Data records
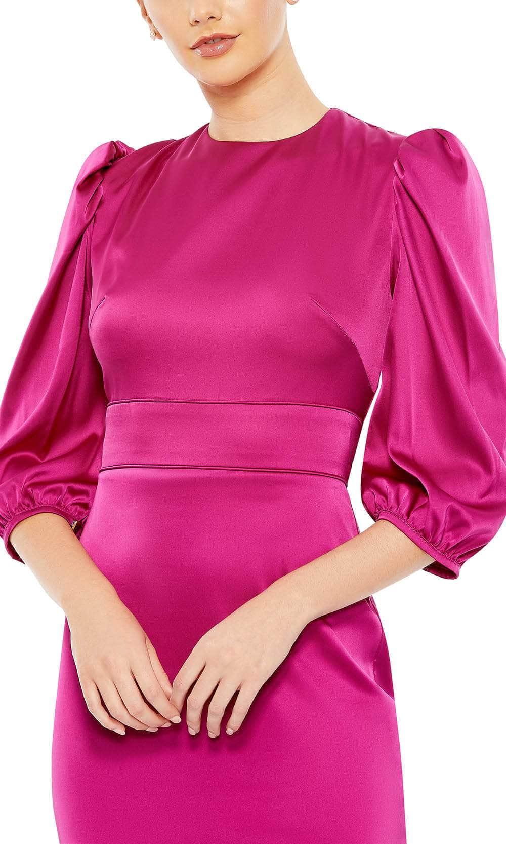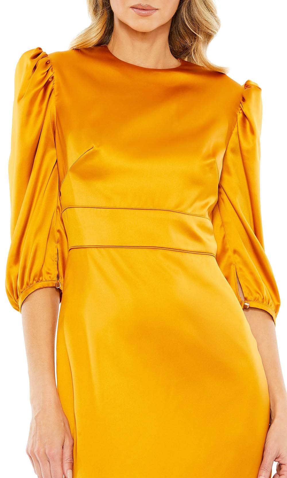 Get ready for everyone to stop and stare when you show up in this Ieena for Mac Duggal 26927 formal dress. Showcasing a modest fashionable style with quarter length puffed sleeve which will make you look taller, paired with high-neck and high-back styles. Secured with a concealed zipper at the back to give you a comfortable fit and a slit at the skirt for ease of movement. The Charmeuse fabric that is used in this piece is sure to give you a glam finish. Bask in the captivating radiance of the spotlight when you don this exquisite Ieena for Mac Duggal design. Models are wearing Chartreuse, Fuchsia, and Marigold colors.
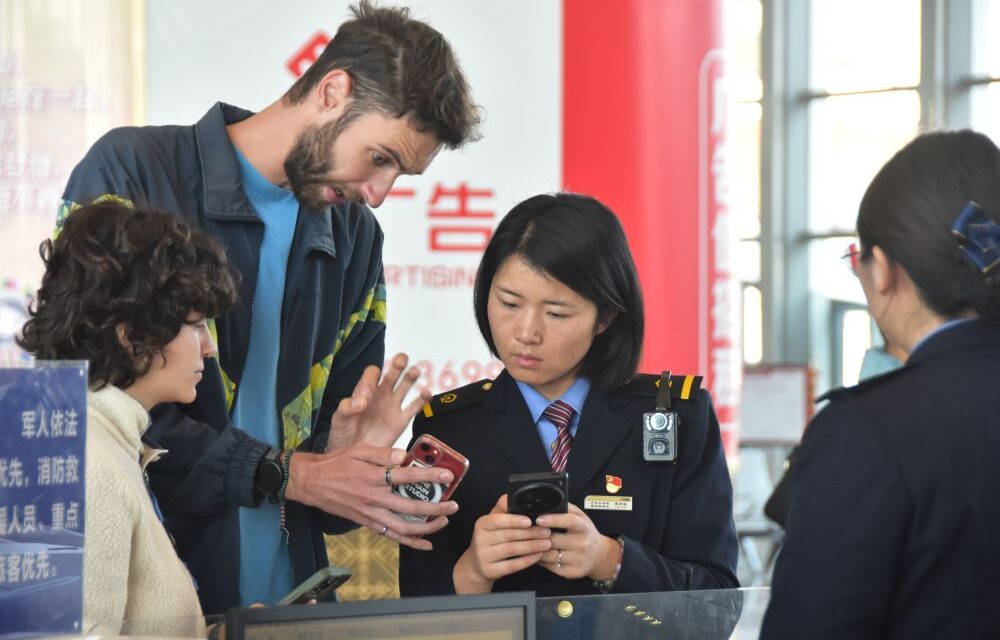 ↑ 2月16日,在云南红河站,铁路工作人员龚岸敏(右二)为旅客提供咨询服务。新华社发(薛莹莹摄)
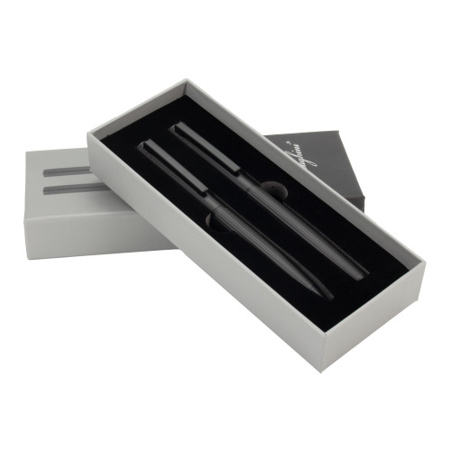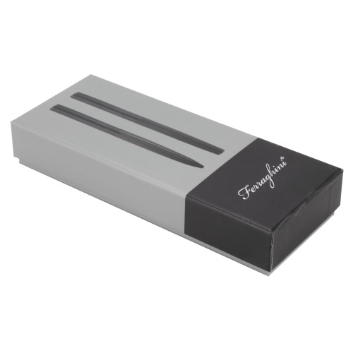 Elegancki zestaw piśmienniczy marki Ferraghini to wyjątkowy duet długopisu i pióra kulkowego, stworzony z myślą o najbardziej wymagających klientach biznesowych. Oba artykuły piśmiennicze wykonane są z wytrzymałego metalu, a ich prążkowana powierzchnia dodaje im niepowtarzalnego charakteru oraz pewności chwytu. Zarówno długopis, jak i pióro kulkowe piszą na niebiesko. Stylowa klasyczna czerń, uzupełniona o subtelne wykończenia, czyni ten zestaw idealnym upominkiem dla osób ceniących estetykę, wytrzymałość i unikatowy design.
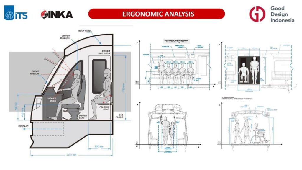 Analisis ergonomis juga dilakukan untuk mengetahui kenyamanan penumpang ketika berada di kereta dengan mempertimbangkan aspek antropometri pengguna
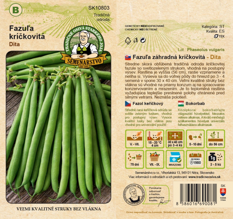 Varietate tradițională populară timpurie medie de fasole boabe cu păstăi verde deschis, potrivită pentru însămânțări succesive. Planta este mai înaltă (56 cm), crește în poziție verticală și nu se culcă. Se seamănă în sol deschis, în cuiburi de 3-4 semințe, într-un lăstar de 30 x 40 cm. Păstăile de calitate superioară, fără fibre, sunt adecvate pentru consumul direct și pentru prelucrarea prin conservare și congelare. Este o plantă termofilă care necesită poziții mai calde, însorite și ferite de vânturi puternice. Nu tolerează umbra parțială.
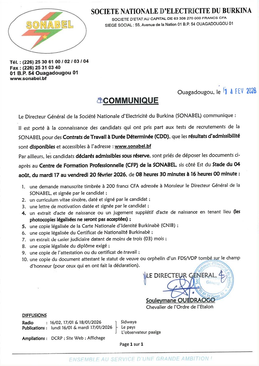 SONABEL : Publication des résultats d’admissibilité aux recrutements CDD et modalités de dépôt des documents
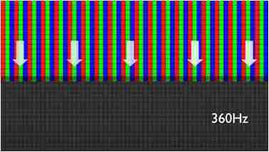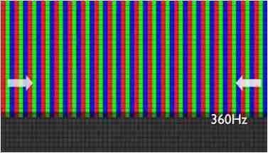传统液晶驱动是从左到右单向进行,,在画面更新速度愈来越愈快的情况下,,,位于驱动线路末端的右下角区域,,,画素的闸极来不及在短时间内获得足够电压,,,,无法显示出正确的颜色资讯。。 |
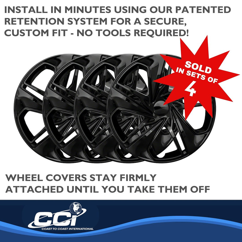 The Coast To Coast 16 Inch Black Wheel Cover Set offers a practical and stylish solution for replacing lost or worn factory wheel covers. Made from high-quality materials, these covers are designed to fit steel wheels while emulating the original equipment manufacturer (OEM) styling, providing an affordable way to refresh your vehicle's look.
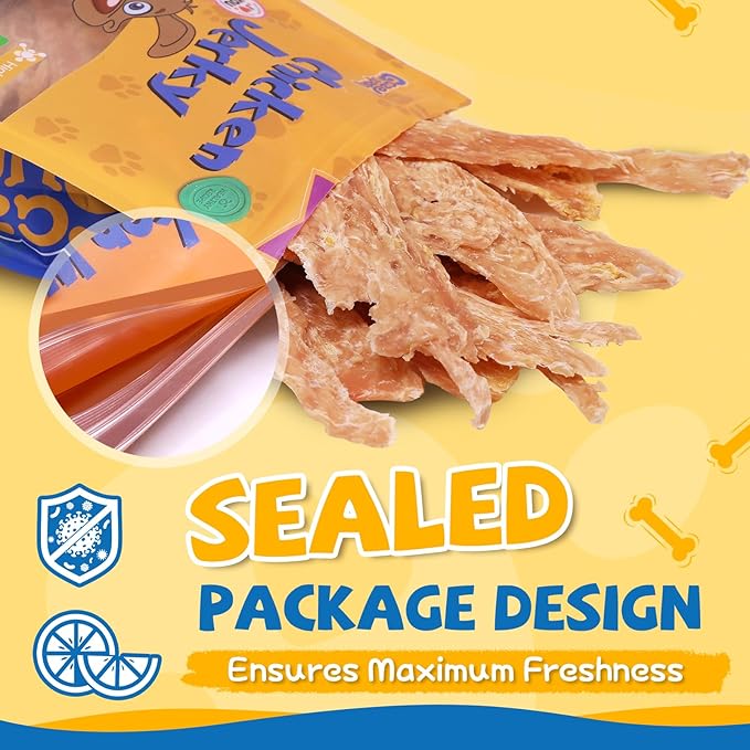- Real Chicken Breast: Made from high-quality, all-natural chicken breast, our chicken jerky treats contain no fillers, additives, or artificial preservatives, ensuring a healthy and nutritious option for your beloved pet.
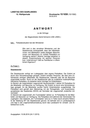 LANDTAG DES SAARLANDES 15. Wahlperiode Drucksache 15/1838 (15/1592) 09.06.2016 ANTWORT zu der Anfrage der Abgeordneten Astrid Schramm (DIE LINKE.) betr.: Parkplatzsituation bei den Ministerien Wie wird in den einzelnen Ministerien und der Staatskanzlei sichergestellt, dass den Mitarbeite- rinnen und Mitarbeitern sowie etwaigen Besuche- rinnen und Besuchern im Umfeld Parkplätze zur Verfügung stehen? Welche Verträge bestehen in diesem Zusammenhang mit welchen Personen bzw. Unternehmen? Gibt es Parkflächen in öffent- lichem Eigentum? Zu Frage 1: Staatskanzlei Die Staatskanzlei verfügt am Ludwigsplatz über eigene Parkplätze. Die Zufahrt ist durch eine Schrankenanlage geregelt. Zufahrt erhalten Personen, die über eine Zu- fahrtskarte verfügen (Mitarbeiter der Staatskanzlei, Kabinett) oder die als Besucher angemeldet wurden. Rund um die Staatskanzlei gibt es zusätzliche kostenpflichtige, öffentliche Parkplätze. Es bestehen keine Verträge mit Drittanbietern. Im Bereich der angemieteten Liegenschaft Heuduckstraße 1 stehen 20 Parkplätze für die Mitarbeiter und Besucher zur Verfügung. Die Zufahrt ist durch eine Schrankenan- lage geregelt. An die Mitarbeiter wurden hierfür Zufahrtskarten ausgehändigt. Die Parkplätze sind gemäß dem Mietvertrag mit der Ruhegehalts- und Zusatzversor- gungskasse des Saarlandes (RZVK) als Vermieter der Liegenschaft „kostenfrei mit- vermietet“. Im Bereich der Liegenschaft „Am Tummelplatz“ stehen ca. 15 Parkplätze für die Mitar- beiter und Besucher zur Verfügung. Die Parkplätze sind während der Dienstzeiten frei zugänglich. Das Gebäude „Am Tummelplatz“ wird nur in Teilen durch einzelne Refera- te der Abteilung WT der Staatskanzlei genutzt. Es befindet sich in Landeseigentum und liegt in der Liegenschaftsverwaltung durch das Landesamt für Umwelt- und Ar- beitsschutz (LUA). Ausgegeben: 10.06.2016 (24.11.2015)
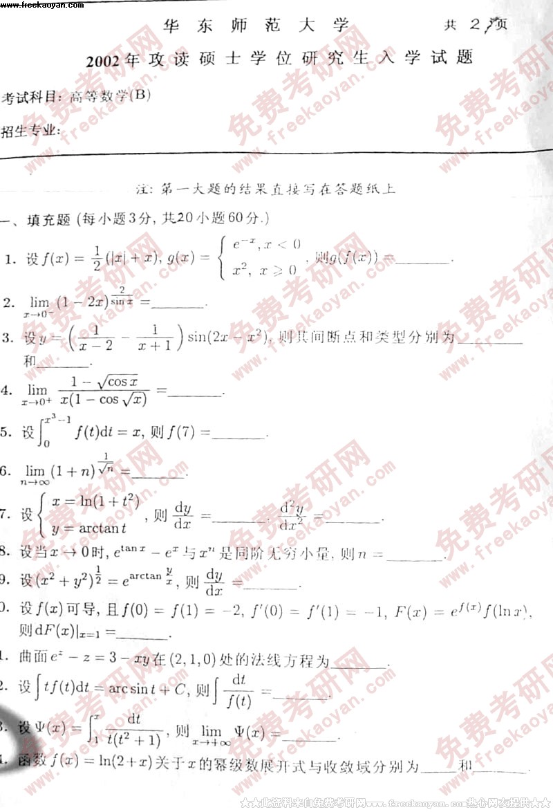 华东师范大学2002年考研真题-高等数学B

▸ What is expected
Leaving out each picture, repeat exactly the lines above from the one that contains "SONABEL : Publication" through the one that contains "- Real Chicken".

▸ Expected answer
 SONABEL : Publication des résultats d’admissibilité aux recrutements CDD et modalités de dépôt des documents
传统液晶驱动是从左到右单向进行,,在画面更新速度愈来越愈快的情况下,,,位于驱动线路末端的右下角区域,,,画素的闸极来不及在短时间内获得足够电压,,,,无法显示出正确的颜色资讯。。 |
 The Coast To Coast 16 Inch Black Wheel Cover Set offers a practical and stylish solution for replacing lost or worn factory wheel covers. Made from high-quality materials, these covers are designed to fit steel wheels while emulating the original equipment manufacturer (OEM) styling, providing an affordable way to refresh your vehicle's look.
- Real Chicken Breast: Made from high-quality, all-natural chicken breast, our chicken jerky treats contain no fillers, additives, or artificial preservatives, ensuring a healthy and nutritious option for your beloved pet.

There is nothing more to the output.